-- Task --
From the data below, return only the lines from the one with "Puerta derecha interior" through the one with "Карта 1. Географски", exact and inclusive, with pictures left out.

-- Records provided --

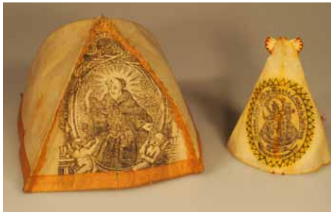
Fraisenhemd und- häubchen

Samstag, Sonn- und Feiertag 11:00 bis 17:00 Uhr
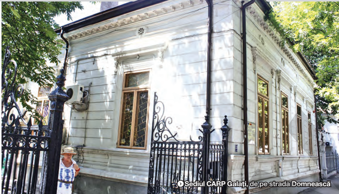
Sediul CARP Galați, de pe strada Domnească

„BANII OAMENILOR SUNT LA OAMENI” ● ÎNCREDERE
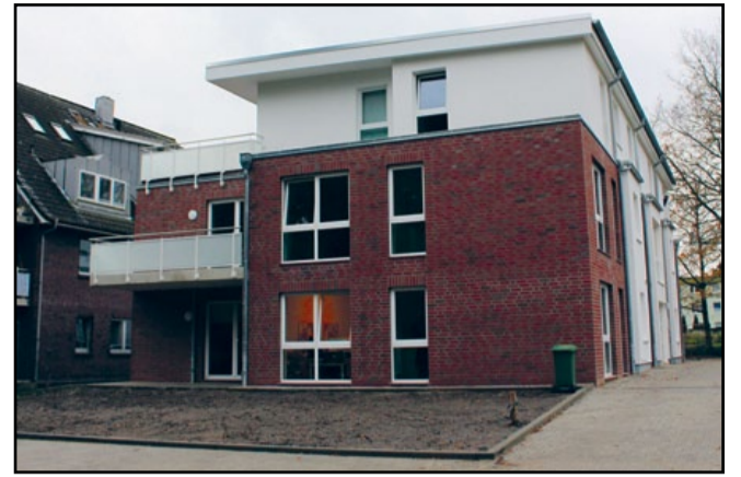
In der Straße Kathenkoppel im Stadtteil Farmsen wurde im Oktober mit dem Angebot Ambulant betreutes Wohnen mit 23 Plätzen eine Folgeeinrichtung für junge Flüchtlinge eröffnet.
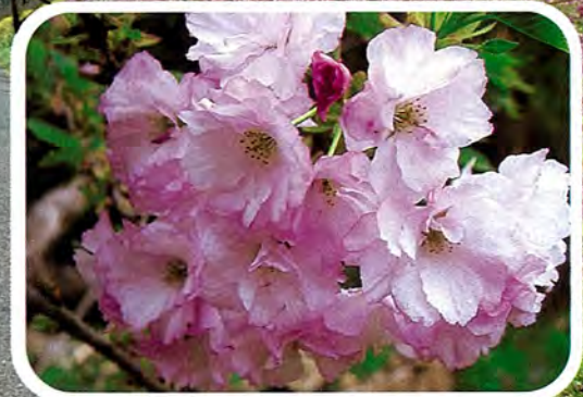
【八重紅虎の尾】 やえべにこらのお
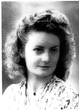
La croix de Lorraine autour du cou
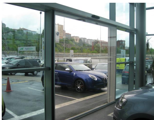
Puerta derecha interior
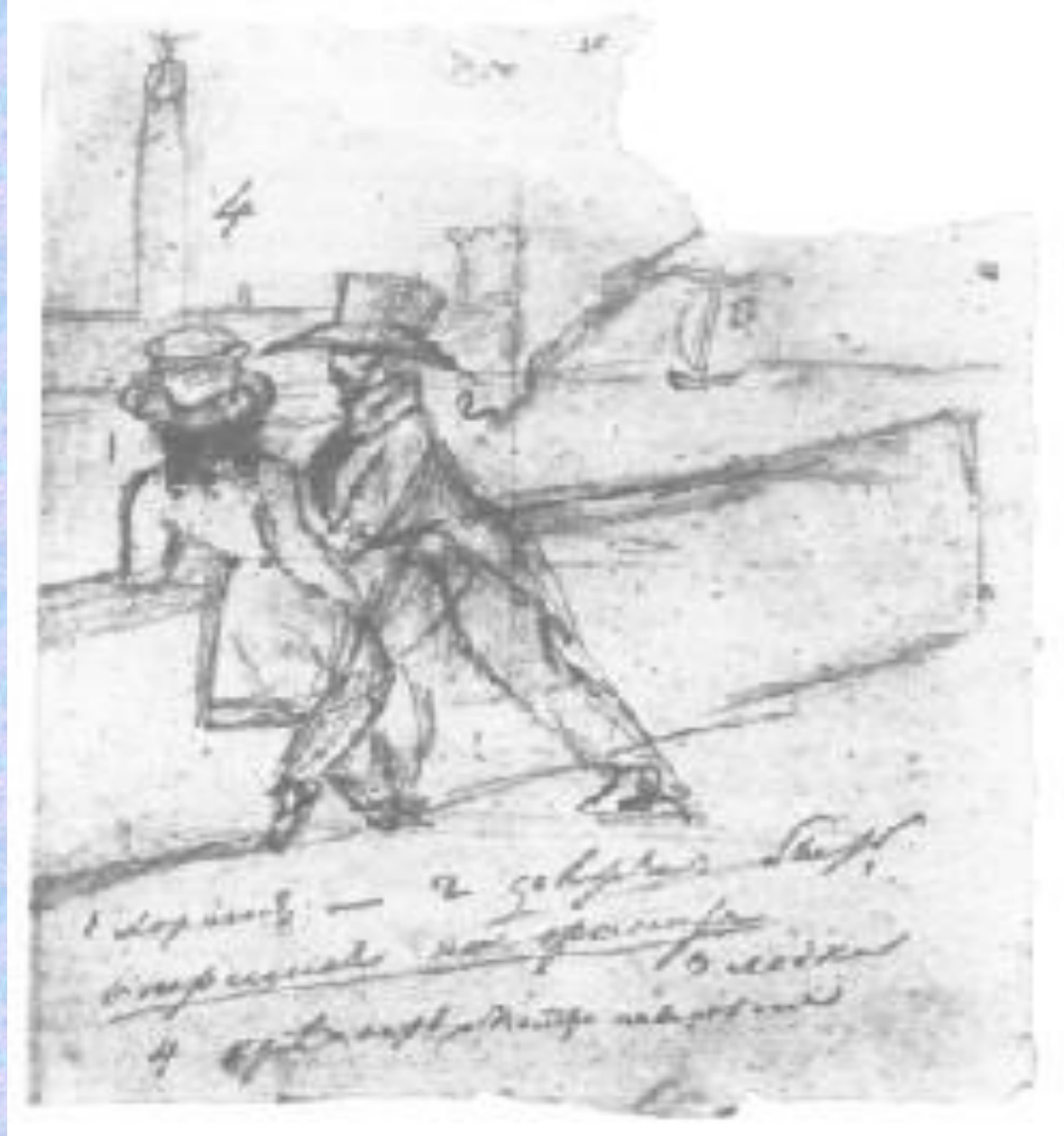
Автор и герой. Рисунок А.С. Пушкина.
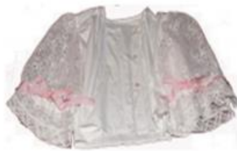
Slika 19. Košulja
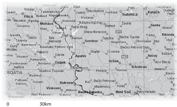
Карта 1. Географски положај Бездана Map 1. Geographical position of Bezdan

Удаљен је 10 км од границе са Мађарском, 6 км од хрватске границе и Дунава, и 18 км од Сомбора. Због водених токова који га окружују, популарно се назива водено насеље (карта 1). Из Бездана на путу према Сомбору, прелази се преко моста на речици Плазовић, према суседном селу Бачки Моноштор неизбежан је Велики Бачки канал, а према такође суседном селу Колут налази се водени ток Бели Јарак. Из Бездана полази Велики бачки канал (Бездан-Бечеј), и Канал Дунав-Тиса-Дунав, док се Бајски канал, који долази из Баје (Мађарска), ту завршава. Налази се у околини Специјалног резервата природе „Горње Подунавље“ са изузетним заштићеним екосистемима. Један од дозвољених начина коришћења оваквих екосистема је и њихово туристичко коришћење.
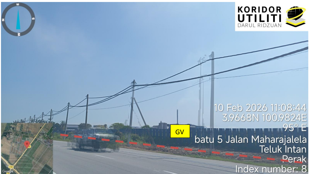
Jalan Maharajalela (58)
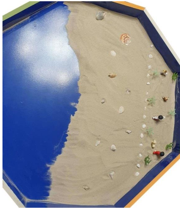
Նկ. 2. Տեխնիկա «Մխունջների կղզին» II հանդիպում

Երկրորդ հանդիպման ավարտին այցելուի մոտ ամրապնդվել էր կղզու՝ ամուր հիմքեր ունենալու զգացողությունը, շատ բան ավելի որոշակի էր դարձել, հարաբերություններում առկա խառնաշփոթի հետ կապված որոշ մտքեր ու զգացողություններ էին ի հայտ եկել:
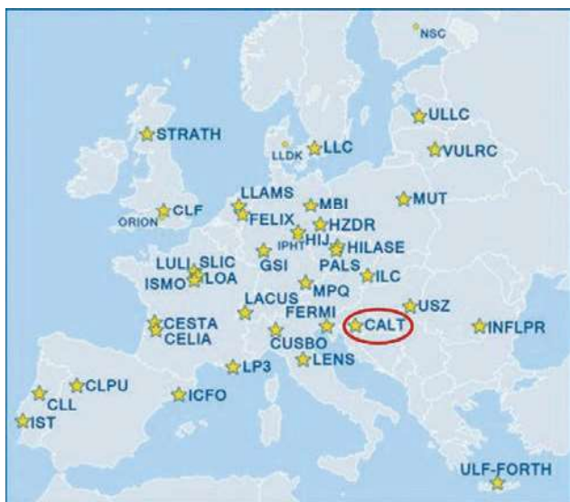
Slika 1. Karta s ucrtanim geografskim položajem partnera Laserlab Europe konzorcija.

Slijedom navedenoga, može se očekivati da će CALT centar preuzeti ulogu regionalnoga lidera u području napredne laserske infrastrukture te se u tome kontekstu Institut za fiziku pridružio Laserlab Europe konzorciju, https://www.laserlab-europe.eu , koji okuplja 35 vodećih institucija iz 18 europskih zemalja koje se bave interdisciplinarnim istraživanjima temeljenim na uporabi lasera, Slika 1. Cilj Laserlab Europe konzorcija umrežavanje je i pružanje podrške nacionalnim laserskim laboratorijima te razvoj novih primjena lasera koje su važne u istraživanju i inovacijama.
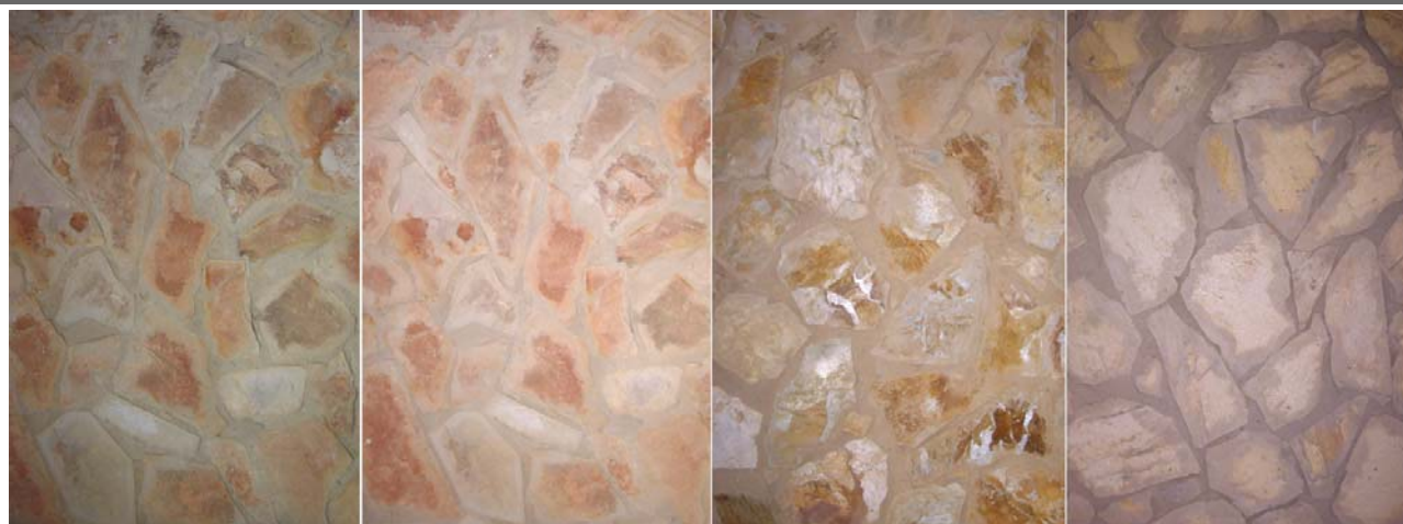
Muestras de fachadas con piedra de laja
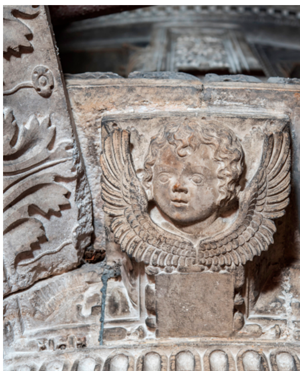
9. a - b Šibenik, katedrala, N. Firentinac (1499.) hibridni ornamenti: a. nasloni kanoničkih klupa (snimka: B. Pavazza, 2021.), b. vijenac korskih klupa koji se spaja s kružnim podestom ambona (arhiva HRZ-a, snimka: N. Vasić, 2016.)

Šibenik, cathedral, Nicholas of Florence (1499), hybrid ornaments: a. back of choir stalls (B. Pavazza, 2021), b. cornice of choir stalls joining the circular platform of the ambo (HRZ Photo Archive, N. Vasić, 2016)
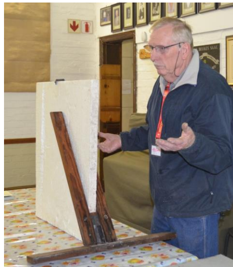
At Smit developed this useful door holder when installing door hardware

The topic for the meeting was "Aids and Gadgets". We had a fair attendance of 32 persons, but a lowish number of entries. These are illustrated in the photographs below.
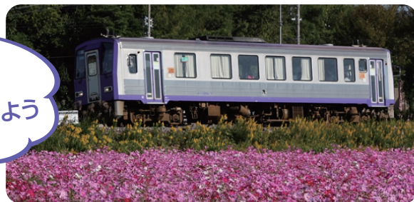
撮影地：亀山市 亀山～関
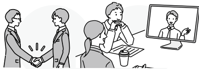
商談会や展示会(オンライン含む)

-- Written response --
Puerta derecha interior
Автор и герой. Рисунок А.С. Пушкина.
Slika 19. Košulja
Карта 1. Географски положај Бездана Map 1. Geographical position of Bezdan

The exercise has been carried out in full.